- Born: April 6, 1953 (age 73) St. Catharines, Ontario
- Known for: Performance artist, video installation artist and constructed photographs artist.
- Notable work: Demo Model (1978), Telling Tales (1979), Desire Control (1981), Dogmachine (1981) and T.V. Love (1982) are held in the National Gallery of Canada collection in Ottawa, Canada.
- Website: https://elizabethchitty.ca

= Elizabeth Chitty =

Canadian artist (born 1953)

Elizabeth Chitty (born April 6, 1953) is a Canadian interdisciplinary artist known for performances, video, and installations as well as her writing.

== Biography ==
Elizabeth Chitty was born and raised in St. Catharines, Ontario. Chitty has lived primarily in the Niagara Peninsula, except the period of time early in her career when she lived and worked in Vancouver and Toronto.

== Career ==
In the 1970s and the 1980s, Chitty's single-channel videos were widely exhibited, including in venues such as the Biennale de Paris in 1980 and the 1988 opening at the National Gallery of Canada.

Her passion for reconciliation between First Nations members and settlers entered as a strong theme in her work beginning in the 1990s.

In 2016, Chitty stated the following in reference to her art practice for the 11th 7a11d International Festival of Performance Art in Toronto, "I explore what it means to be in a body, a place, with others.
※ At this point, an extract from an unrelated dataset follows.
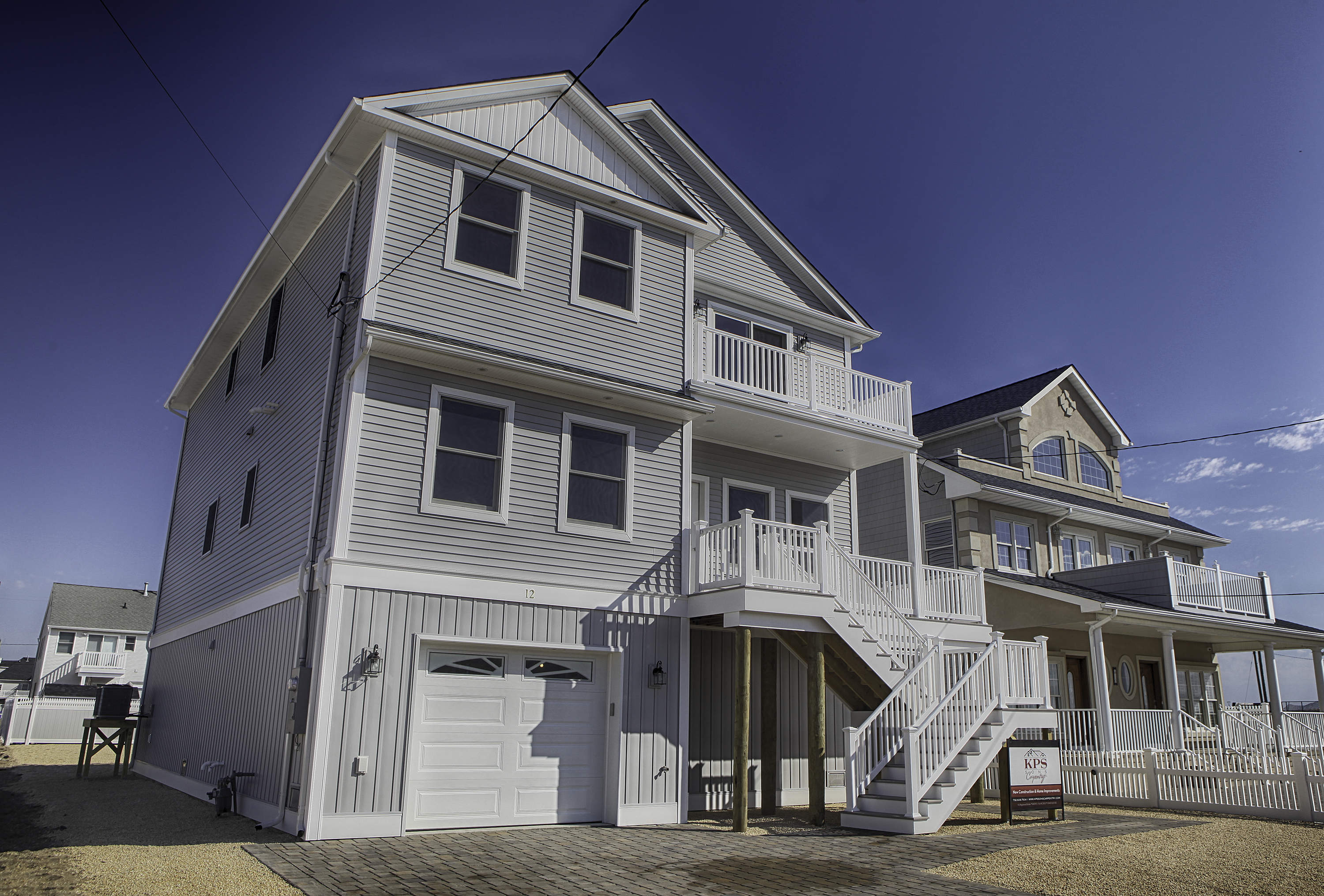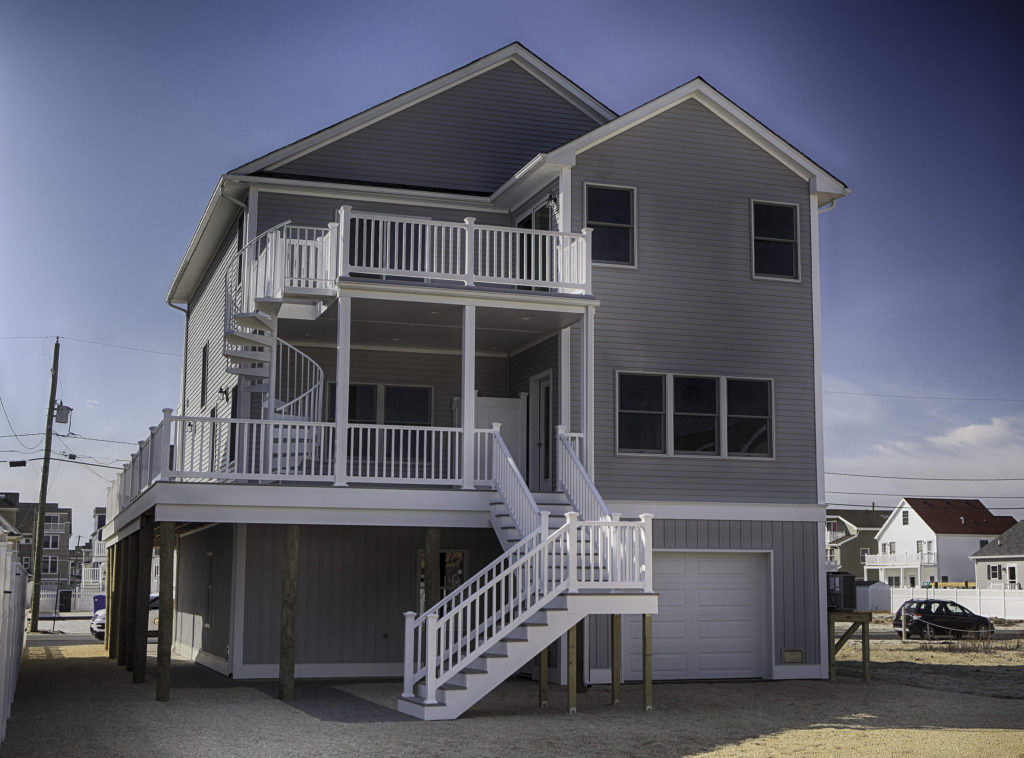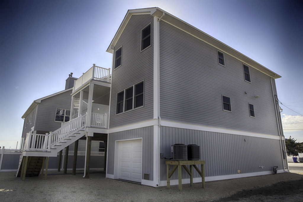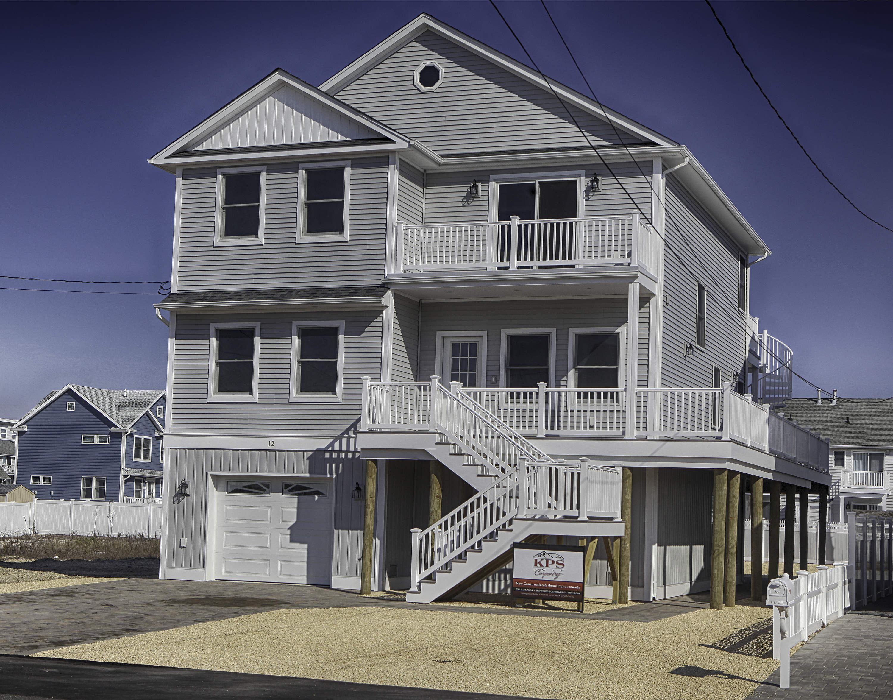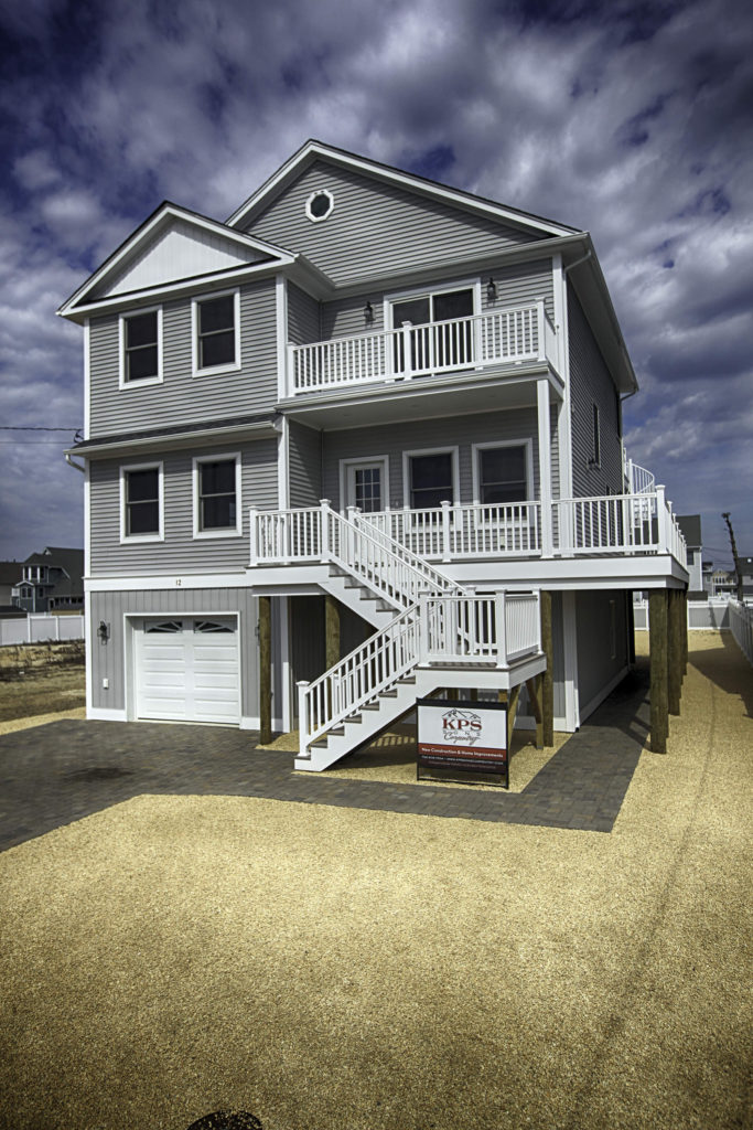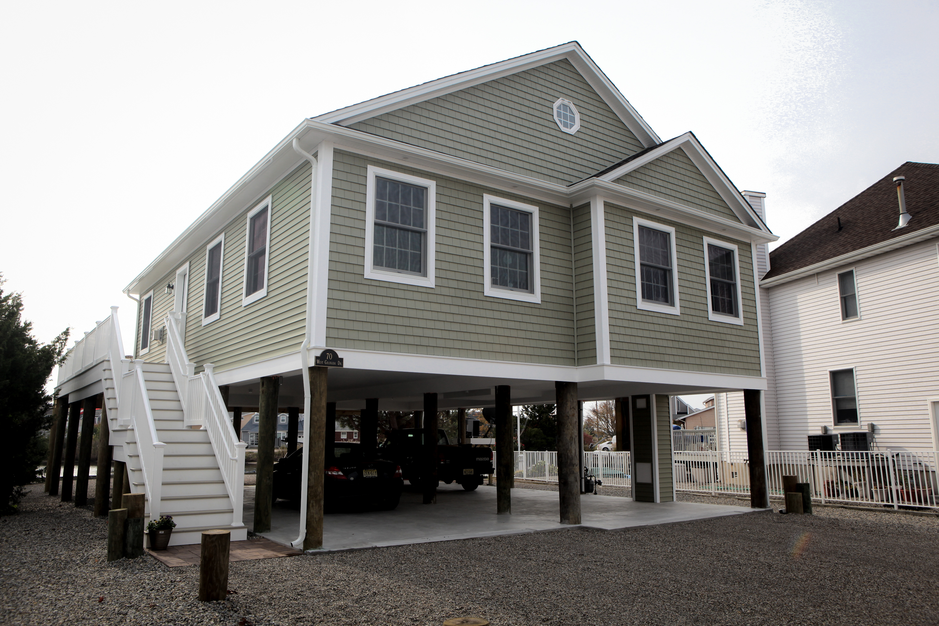 This custom modular home is located within steps from the beach. The house is raised on pilings to conform to the latest flood zone requirements.

Interrelations of temporal-kinasthetic-visual-aural-textual interests flow through my body of work." Chitty creates further definition in her work through ideas, emotions and sensations.
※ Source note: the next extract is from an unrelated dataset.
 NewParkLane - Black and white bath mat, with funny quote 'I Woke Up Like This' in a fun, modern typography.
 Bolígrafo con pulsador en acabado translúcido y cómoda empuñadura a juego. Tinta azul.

An early performance of Chitty's, Lap (1976), was performed in artist-run centres in Toronto, Calgary, Vancouver and Montréal. Her performance History, Colour TV & You (1980-81) was performed in fourteen venues in Canada, the U.S., and France. In November 2017, The Grass is Still Green won the 'Exhibit of the Year' at the Ontario Association of Art Galleries annual awards gala. The jury said: "This exhibition expands the gallery into the surrounding lands. The artist is a veteran performance artist, cultural worker and defender of artist’s rights on the Canadian scene who breaks ground and enables the land to speak its local history." Her work Power, a 3 video and 4 audio channel installation influenced by water in the Niagara region, was exhibited at Riverbrink Art Museum in Queenston, Ontario in 2021.

==Collections==
In 1984 T.V.Love (1982) was purchased by the National Gallery of Canada. Demo Model (1978), Telling Tales (1979), Desire Control (1981) and Dogmachine (1981) video collection were deposited by Art Metropole, Toronto to the National Gallery of Canada in 1997.